* [Directions]: Using the records below, write out only the lines from the line containing "- Convenient Cup" up to and including the line containing "19 Ocak 2015", exactly, with no pictures.

* [Data]:

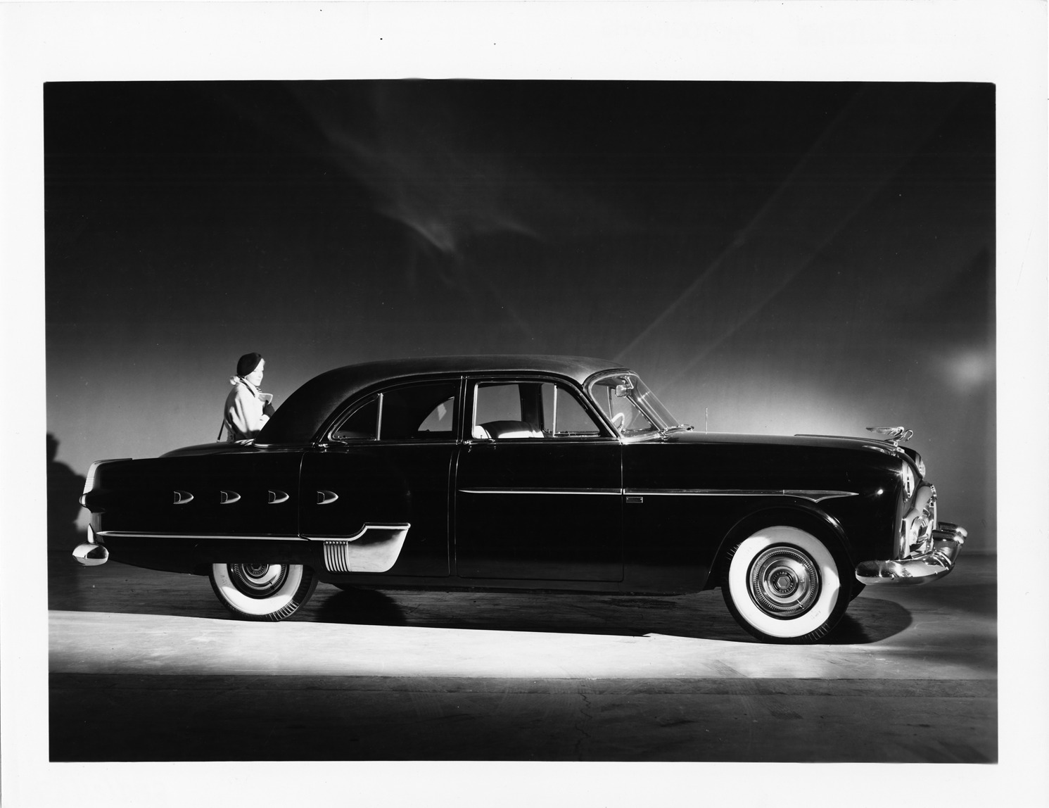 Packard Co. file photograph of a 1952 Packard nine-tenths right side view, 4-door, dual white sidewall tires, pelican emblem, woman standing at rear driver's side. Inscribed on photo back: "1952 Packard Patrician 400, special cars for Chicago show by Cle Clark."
* * *
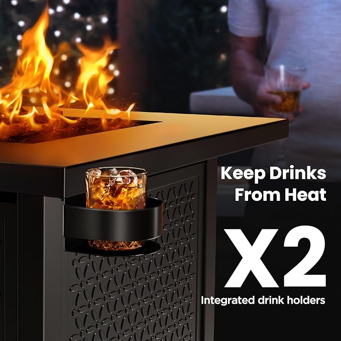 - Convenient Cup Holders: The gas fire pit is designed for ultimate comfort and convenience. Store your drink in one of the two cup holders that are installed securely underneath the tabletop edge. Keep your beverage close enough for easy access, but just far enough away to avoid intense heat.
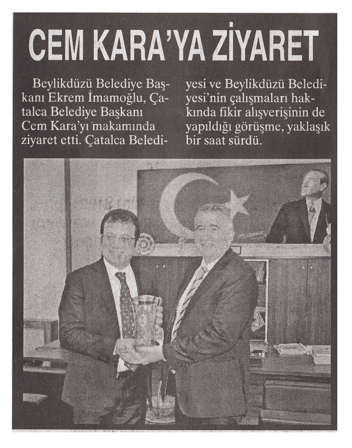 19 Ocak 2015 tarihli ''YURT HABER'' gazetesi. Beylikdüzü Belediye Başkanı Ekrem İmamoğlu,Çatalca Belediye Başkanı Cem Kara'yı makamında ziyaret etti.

* [Output below]:
 - Convenient Cup Holders: The gas fire pit is designed for ultimate comfort and convenience. Store your drink in one of the two cup holders that are installed securely underneath the tabletop edge. Keep your beverage close enough for easy access, but just far enough away to avoid intense heat.
 19 Ocak 2015 tarihli ''YURT HABER'' gazetesi. Beylikdüzü Belediye Başkanı Ekrem İmamoğlu,Çatalca Belediye Başkanı Cem Kara'yı makamında ziyaret etti.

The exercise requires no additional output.